++++ Data for this exercise
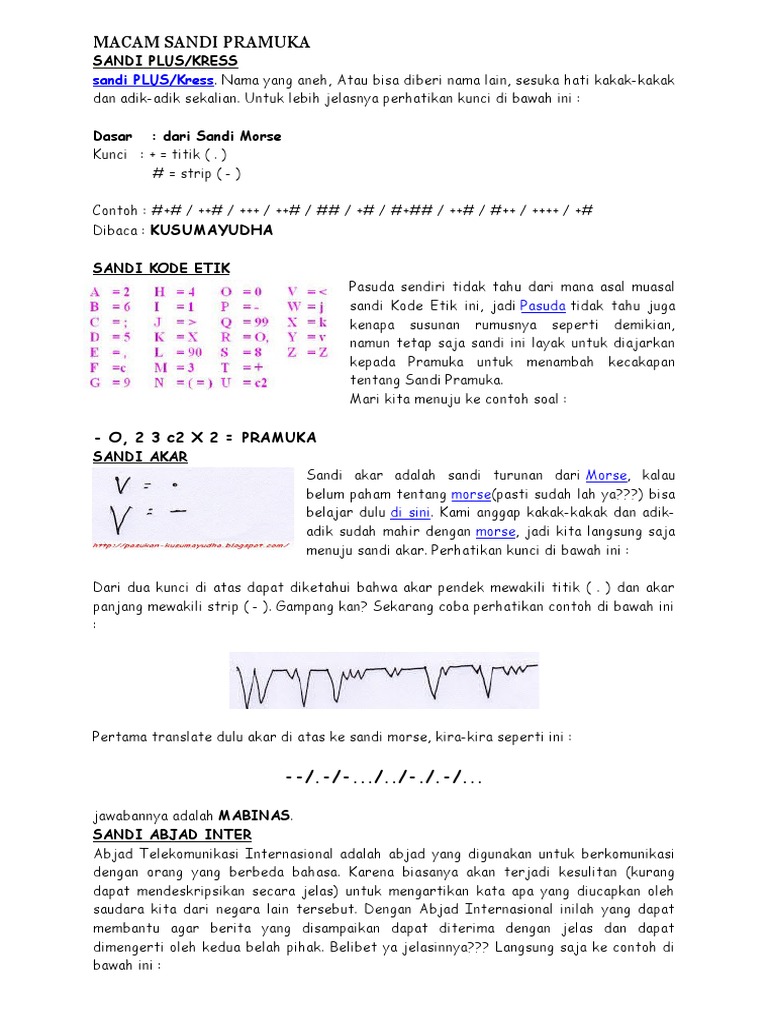 Sandi morse merupakan salah satu dari sekian jenis sandi di pramuka. Pertemuan besar penggalang ditingkat provinsi disebut. (4) sandi, semaphore, kompas, dan tali temali. Check spelling or type a new query. Berikut makalah contoh soal dan jawabannya search the world's information, including webpages, images, videos and more.
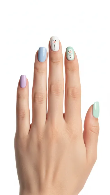 Bring winter cheer with tiny snowmen on your nails. Cute, festive, and ideal for holiday lovers of all skill levels.
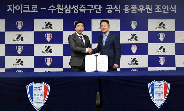 수원삼성과 자이크로는 8일 수원월드컵경기장 대연회장에서 김준식 대표이사와 최창영 자이크로 대표이사가 참석한 가운데 용품 후원 협약식을 가졌다.
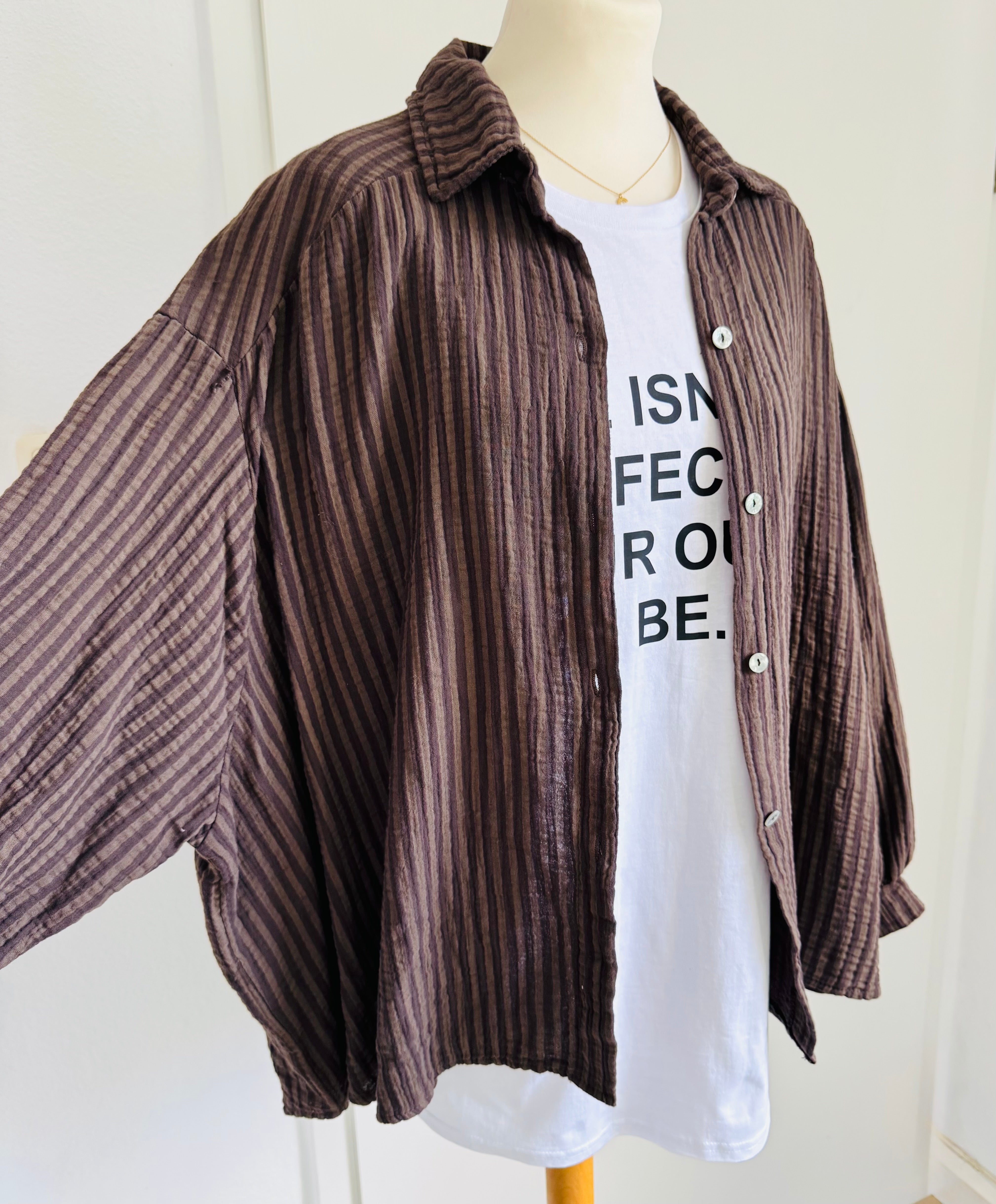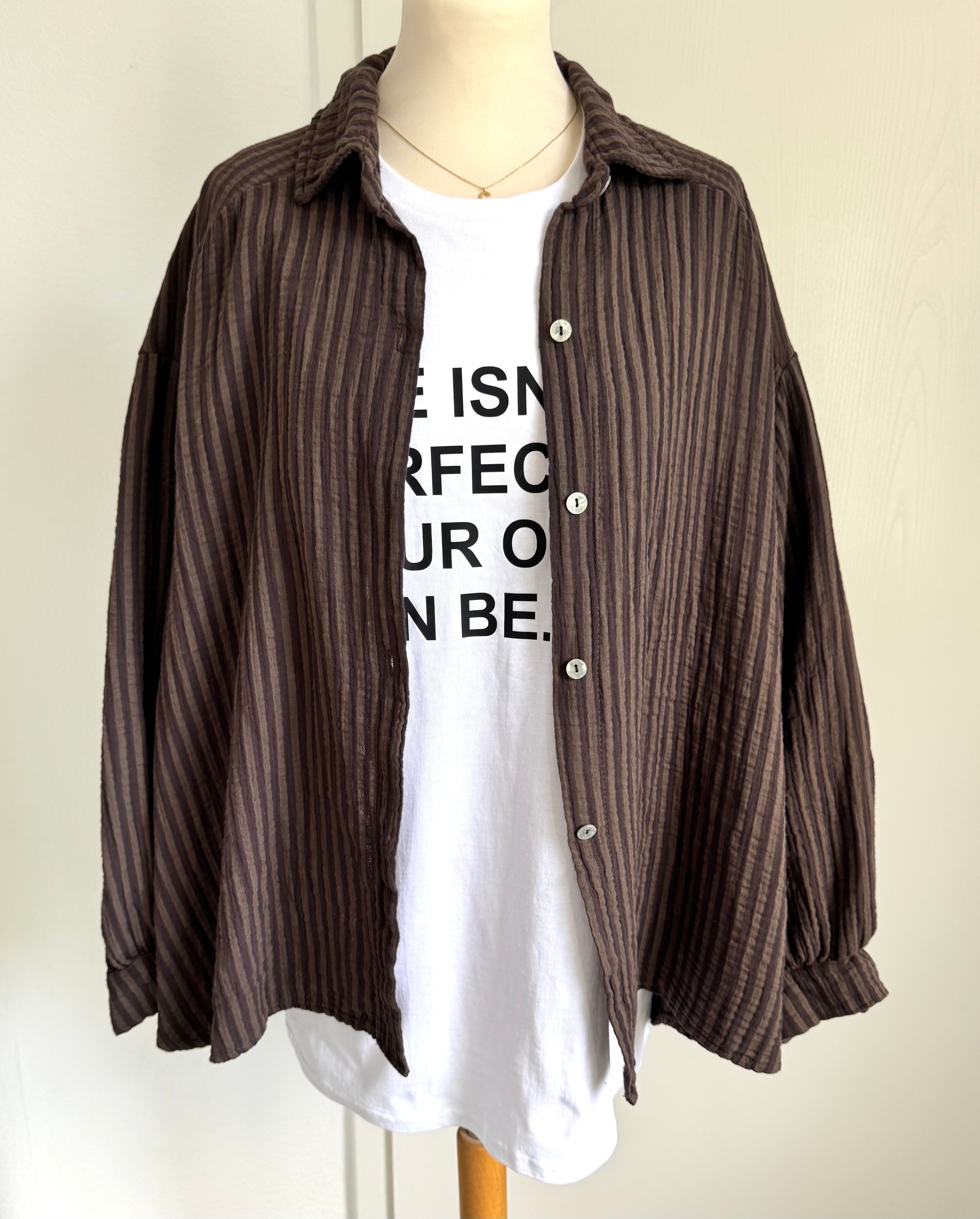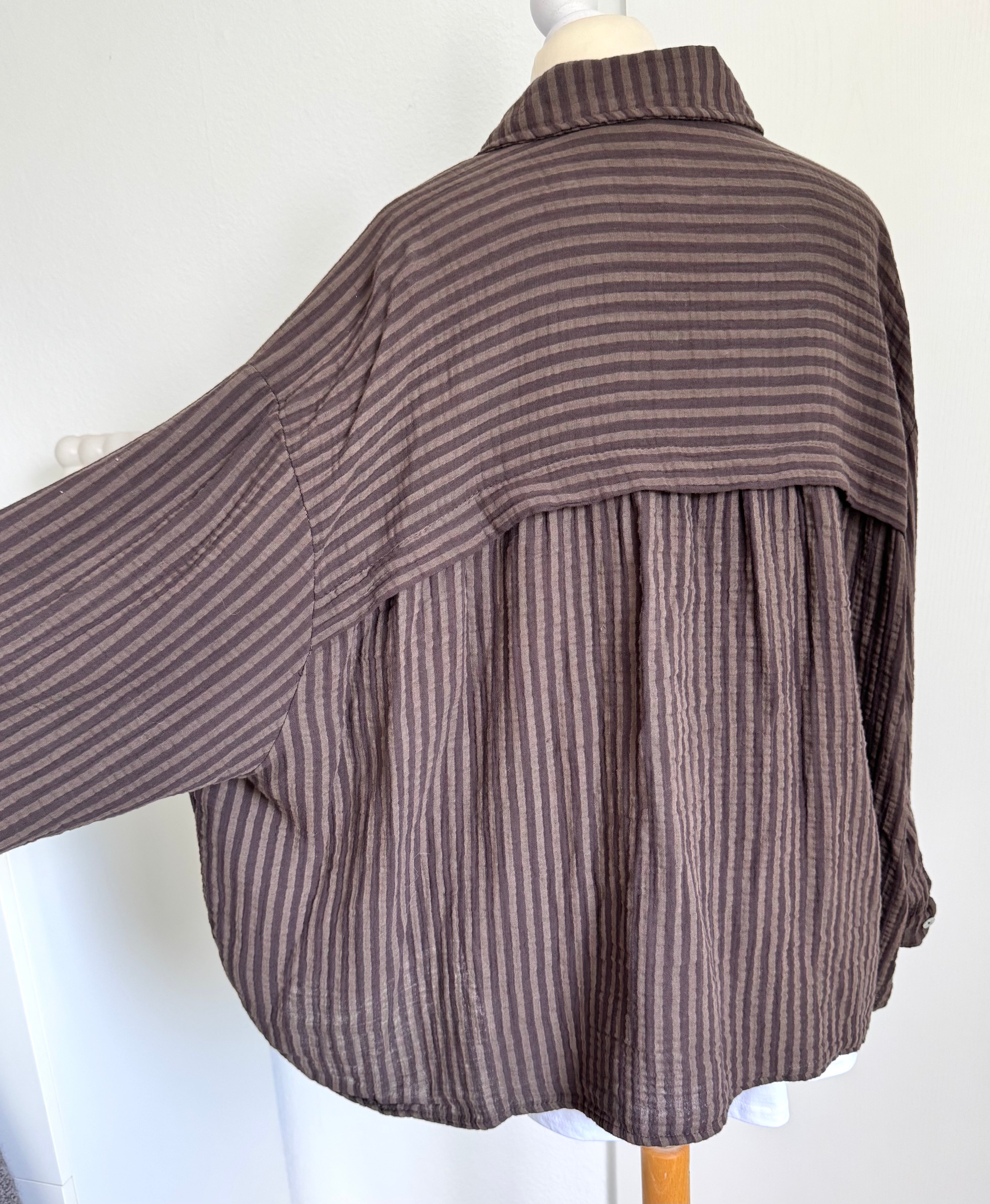 Musselinbluse oversized kurz STRIPES - Espressobraun
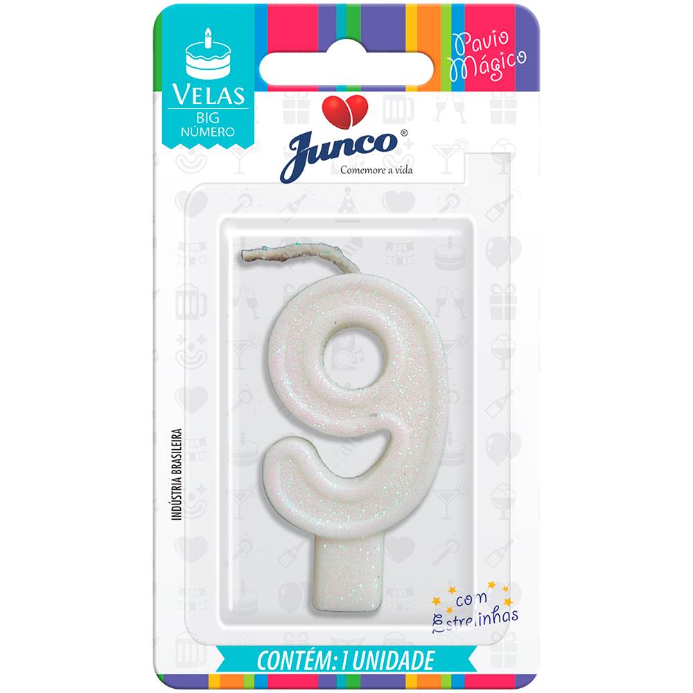 Vela Aniversário Big Número Branca Nº 9 Junco
++++++++
• What you are asked to do: Copy the lines starting at the line that contains "Bring winter cheer" and running to the final line of the entries, inclusive; omit all pictures.

• Problem solution:
 Bring winter cheer with tiny snowmen on your nails. Cute, festive, and ideal for holiday lovers of all skill levels.
 수원삼성과 자이크로는 8일 수원월드컵경기장 대연회장에서 김준식 대표이사와 최창영 자이크로 대표이사가 참석한 가운데 용품 후원 협약식을 가졌다.
 Musselinbluse oversized kurz STRIPES - Espressobraun
 Vela Aniversário Big Número Branca Nº 9 Junco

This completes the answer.